Vai ter lugares que, pra você crescer, você vai ter que sair
- Ana Elisa Gonçalves Bortolin
- 14 de jul.
- 2 min de leitura
Nem todo lugar em que nos sentimos “seguros” é, de fato, saudável.
E nem sempre permanecer é sinônimo de força. Às vezes, é medo.
Medo de romper, de frustrar expectativas, de se perceber sozinho…
Mas também medo de crescer.
Na psicanálise, compreendemos que o sujeito pode permanecer em determinados vínculos ou contextos não porque são bons — mas porque são familiares. Há algo ali que ecoa afetos antigos, padrões infantis, dores mal elaboradas. E isso pode gerar uma repetição inconsciente, onde se revive, sem perceber, os mesmos enredos de sofrimento.
Como já dizia Freud:
“O que o paciente repete é o passado não lembrado.”
(Freud, 1914/1996, p. 199)
Essa permanência pode se manifestar na vida adulta como a insistência em relações abusivas, em ambientes de trabalho desumanos ou até na dificuldade de deixar para trás papéis que já não fazem mais sentido.

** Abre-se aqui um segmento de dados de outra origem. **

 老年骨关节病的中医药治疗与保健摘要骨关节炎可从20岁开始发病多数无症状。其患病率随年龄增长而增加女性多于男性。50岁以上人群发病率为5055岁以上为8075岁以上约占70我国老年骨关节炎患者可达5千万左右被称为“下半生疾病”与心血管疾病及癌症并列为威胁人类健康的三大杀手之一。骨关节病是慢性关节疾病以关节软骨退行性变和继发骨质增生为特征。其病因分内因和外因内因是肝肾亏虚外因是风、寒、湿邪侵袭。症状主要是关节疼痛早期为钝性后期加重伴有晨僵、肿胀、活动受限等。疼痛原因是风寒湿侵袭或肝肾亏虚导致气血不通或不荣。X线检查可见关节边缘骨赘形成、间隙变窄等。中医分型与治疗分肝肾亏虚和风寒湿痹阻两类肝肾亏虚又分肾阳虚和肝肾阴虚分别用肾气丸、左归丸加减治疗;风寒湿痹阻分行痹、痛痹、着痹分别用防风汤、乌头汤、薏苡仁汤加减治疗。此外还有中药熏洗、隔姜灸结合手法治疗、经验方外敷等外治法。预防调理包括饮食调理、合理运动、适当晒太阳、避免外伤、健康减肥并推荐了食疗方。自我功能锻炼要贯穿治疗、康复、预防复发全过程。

Permanecer pode ser uma forma de tentar consertar no presente algo que feriu no passado — e, muitas vezes, de forma inconsciente.
A culpa de sair
Um dos maiores empecilhos à mudança é a culpa.
A culpa por decepcionar. A culpa por deixar alguém para trás. A culpa por parecer egoísta. Mas será que é mesmo egoísmo sair de um lugar que te adoece?
É preciso se perguntar:
O que ainda me prende a esse lugar?
Estou tentando proteger alguém… ou continuar sendo aceito?

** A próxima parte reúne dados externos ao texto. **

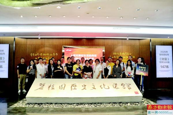 历经一小时的车程后,来自广佛两地的团友们一起站在了摇曳着绿色“瀑布”的网红建筑——碧桂园总部大楼门口。与大楼生态环保主题相呼应的主入口,是一条由156种喜阴植物和多种仿生植物构筑成的“梦想走廊”。还没来得及生发“梦想”,团友们就如同穿越般,瞬间走进了碧桂园的“历史时空”。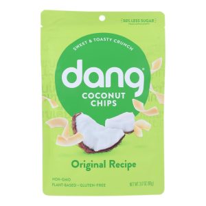 Dang coconut chips, original recipe are a healthy and delicious snack option. Made with coconut, cane sugar and salt as the sole ingredients, these coconut chips are free of unnatural and unnecessary additives. This product is gluten-free, vegan friendly and non-gmo. Each bag of dang coconut chips, original recipe weighs 3.17 oz. See nutrition facts panel for allergens.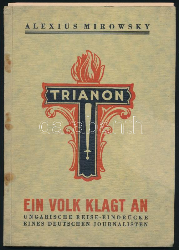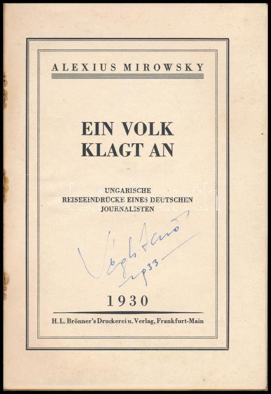 Mirowsky, Alexius: Ein Volk Klagt An. Frankfurt-Main, 1930, H.L. Brönner's Druckerei u. Verlag, 48 p. Német nyelven. Kiadói illusztrált papÃrkötés, kissé foltos, szétvált tűzéssel, néhány kijáró lappal. IsmertetÅ‘ és korrajz az 1920-as évek végének Magyarországáról (Trianon következményeinek fényében), egy német újságÃró által leÃrva, ahogyan Å‘ látta és tapasztalta.

O que eu temo perder se decidir crescer?
Como bem nos ensinou Lacan:
“O desejo do homem é o desejo do Outro.”
(Lacan, 1958/1998, p. 688)
Isso significa que, muitas vezes, desejamos o que o Outro deseja de nós. Permanecemos onde esperam que fiquemos. Amamos, trabalhamos, resistimos… em nome de um desejo que não é genuinamente nosso, mas que nos dá uma ilusão de pertencimento.
Quando sair é palavra
Françoise Dolto nos oferece uma perspectiva poderosa sobre o processo analítico:
“A tarefa de uma boa análise é fazer o paciente encontrar palavras para substituir os atos.”
(Dolto, 1992, p. 63)
Sair, nesse sentido, é uma palavra. É uma escolha simbólica.

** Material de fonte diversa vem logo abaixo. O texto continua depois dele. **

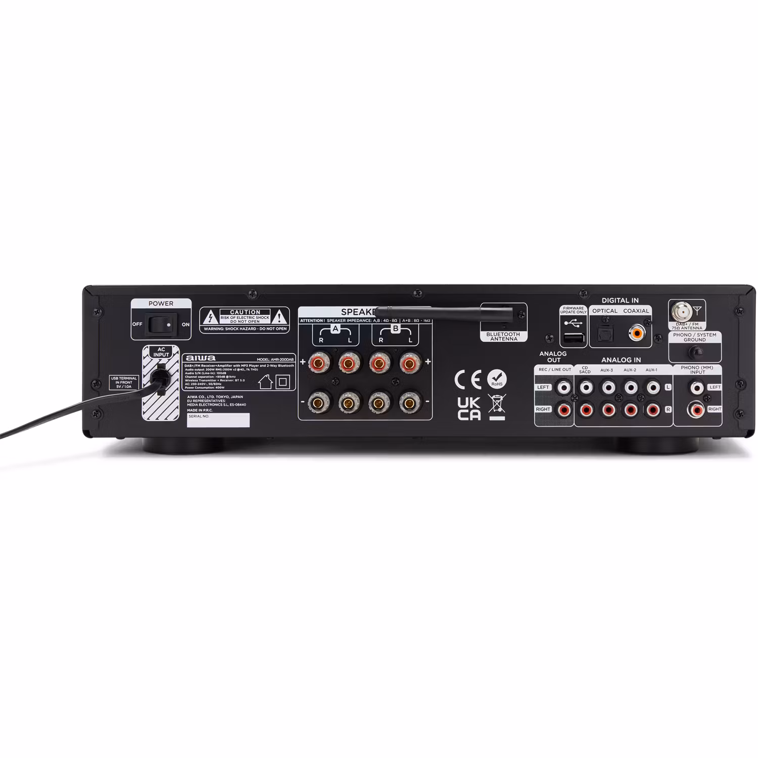 Stereoförstärkare med hög effektAiwa AMR-200DAB/BK levererar 200W kraftfullt, klart ljud (2x 100W RMS @4 Ohm, 0,1% THD). Viktiga funktioner inkluder

É dizer: “basta”. É escolher escrever uma nova narrativa para a própria vida.
Sair pode ser um ato de amor-próprio.
De maturidade.
De compromisso com aquilo que você ainda pode se tornar.
Em tempo…
Você já precisou sair de um lugar para finalmente começar a crescer?
O que foi mais difícil nesse processo: a decisão ou a culpa?
A psicanálise não traz respostas prontas. Mas traz perguntas que desconstroem.
Porque, às vezes, é preciso se retirar… para poder se encontrar.
Referências:
FREUD, Sigmund. Recordar, repetir e elaborar (1914). In: ______. Edição Standard Brasileira das Obras Psicológicas Completas de Sigmund Freud, v. 12. Rio de Janeiro: Imago, 1996.
LACAN, Jacques. O seminário, livro 11: Os quatro conceitos fundamentais da psicanálise. Rio de Janeiro: Zahar, 1998.
DOLTO, Françoise. A causa das crianças. São Paulo: Martins Fontes, 1992.